Somil is an assistant professor in the Department of Aeronautics and Astronautics at Stanford, where he leads the Safe and Intelligent Autonomy Lab. His research focuses on understanding how machine learning methods can be combined with classical, model-based planning and control methods with the goal of enabling intelligent and safe decision making in complex and uncertain environments, especially when the robot relies on high-dimensional sensory inputs and data for decision making and control.
5/15Dimitra Giannakopoulou,
Amazon Web Services
TBD
5/22Mantas Mazeika,
Center for AI Safety
Mantas
TBD
5/29Nicholas Carlini,
Deepmind
Nicholas Carlini
LLMs for Security: Where are we now?

LLMs are amazingly capable at many tasks. But how good are they at being useful in computer security?
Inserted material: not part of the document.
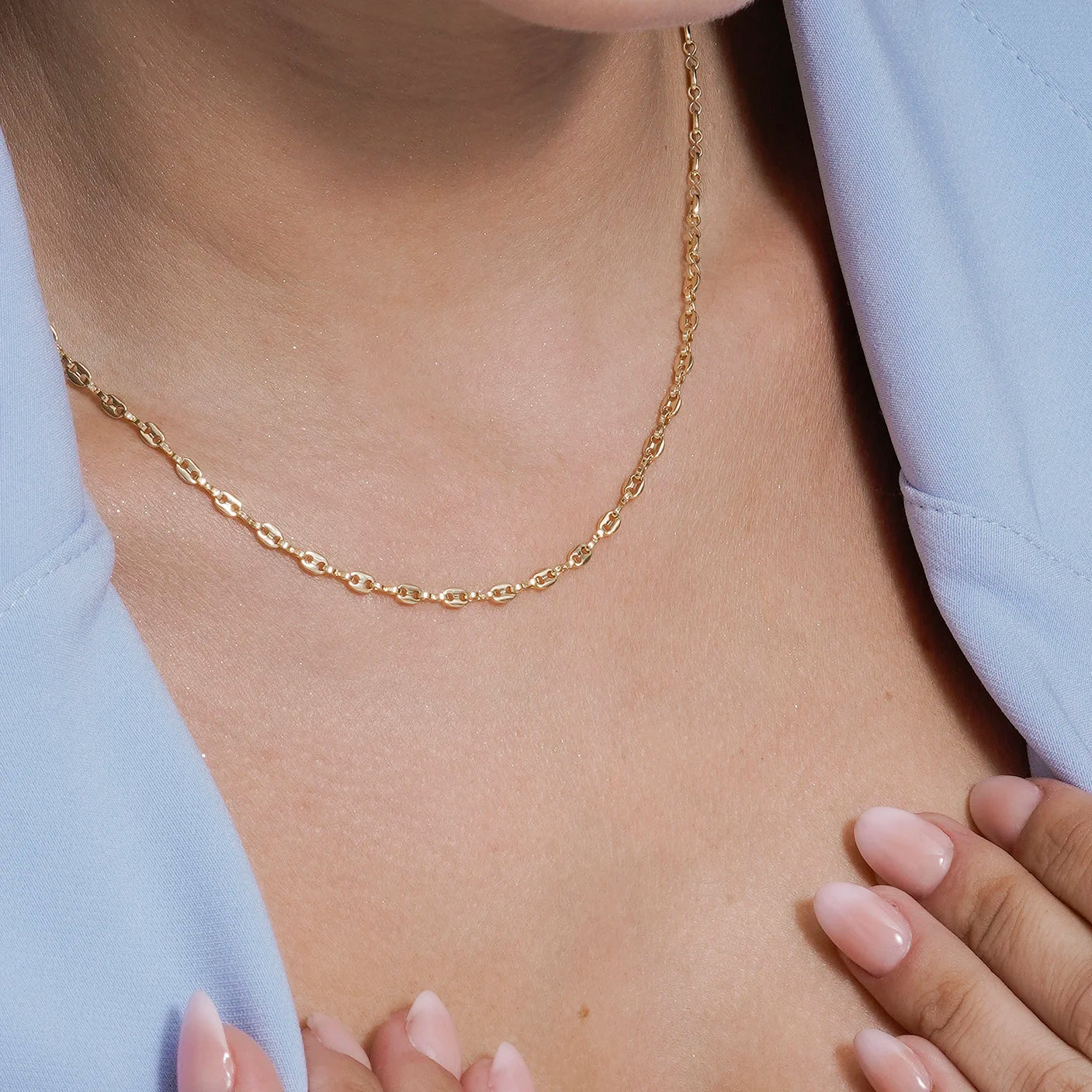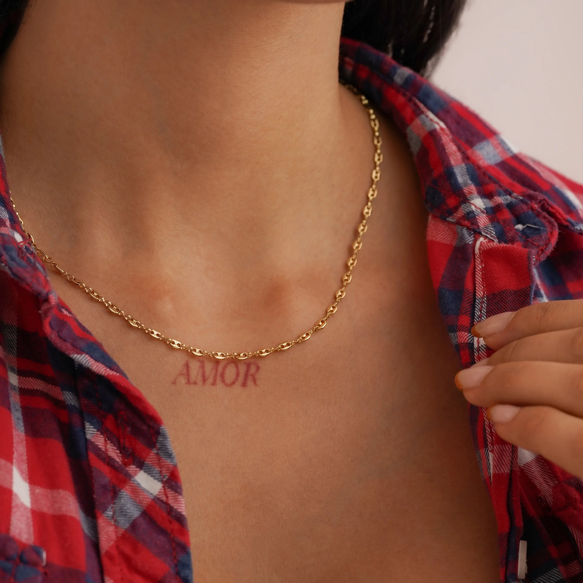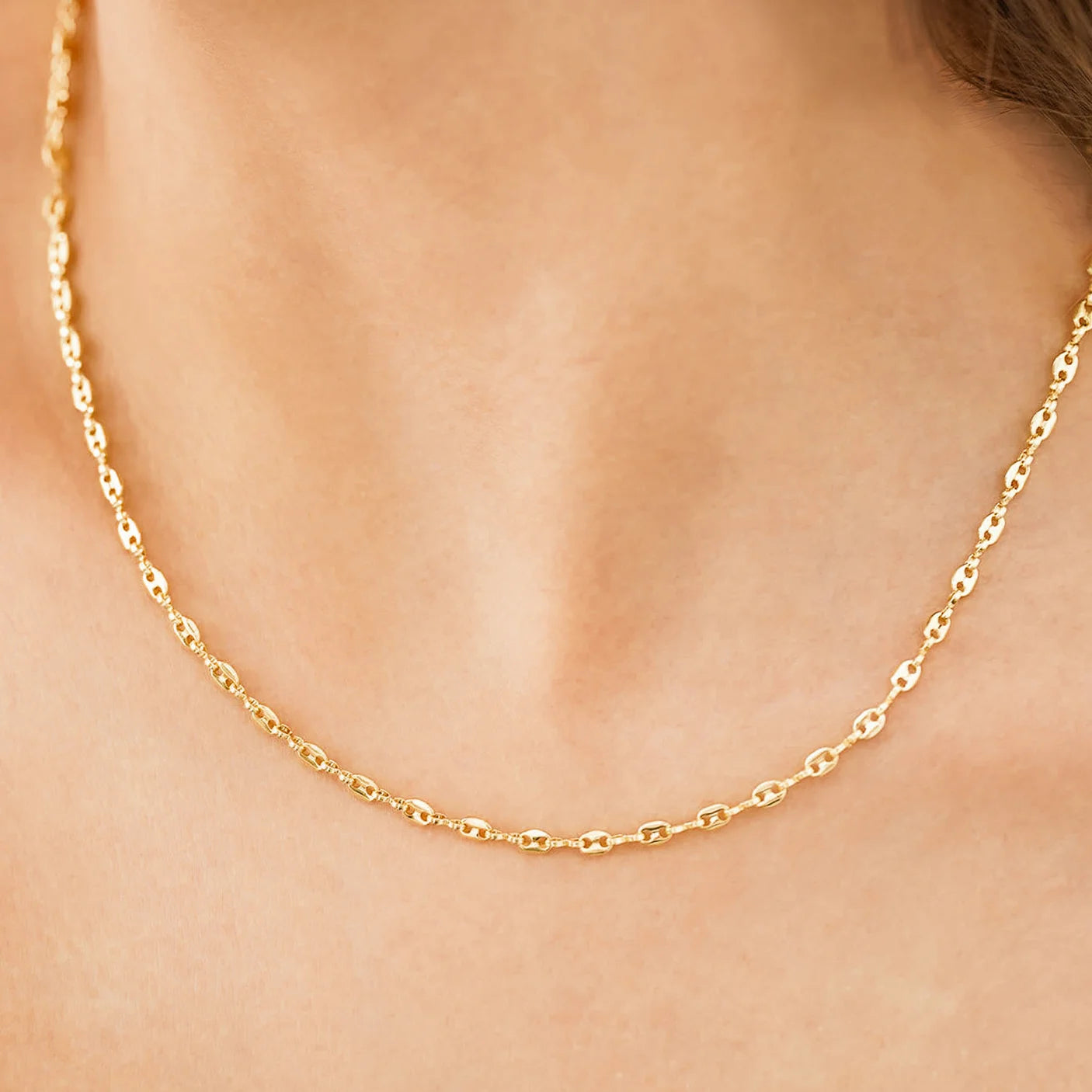La cadena C Gucci Delgada de 45 cm en oro laminado de 18K se distingue por su diseño clásico de eslabones ovalados y planos, que brindan ligereza y un brillo encantador. Una pieza versátil que luce delicada y femenina, ya sea usada sola o acompañada de dijes finos.✨

In this talk I first discuss one attempt at studying to what extent LLMs are capable of performing challenging research-level security tasks. As it turns out, they’re not very good at this yet. So then I consider a second question: what could LLMs do to change security today? I argue there are many domains where even the capabilities of current models would more than suffice to fundamentally alter the economics of how attacks are performed and monetized. Finally, I conclude with some thoughts looking towards the future.

Nicholas is a research scientist at Google DeepMind (formerly at Google Brain) working at the intersection of machine learning and computer security. His most recent line of work studies properties of neural networks from an adversarial perspective. He received his Ph.D. from UC Berkeley in 2018, and his B.A. in computer science and mathematics (also from UC Berkeley) in 2013.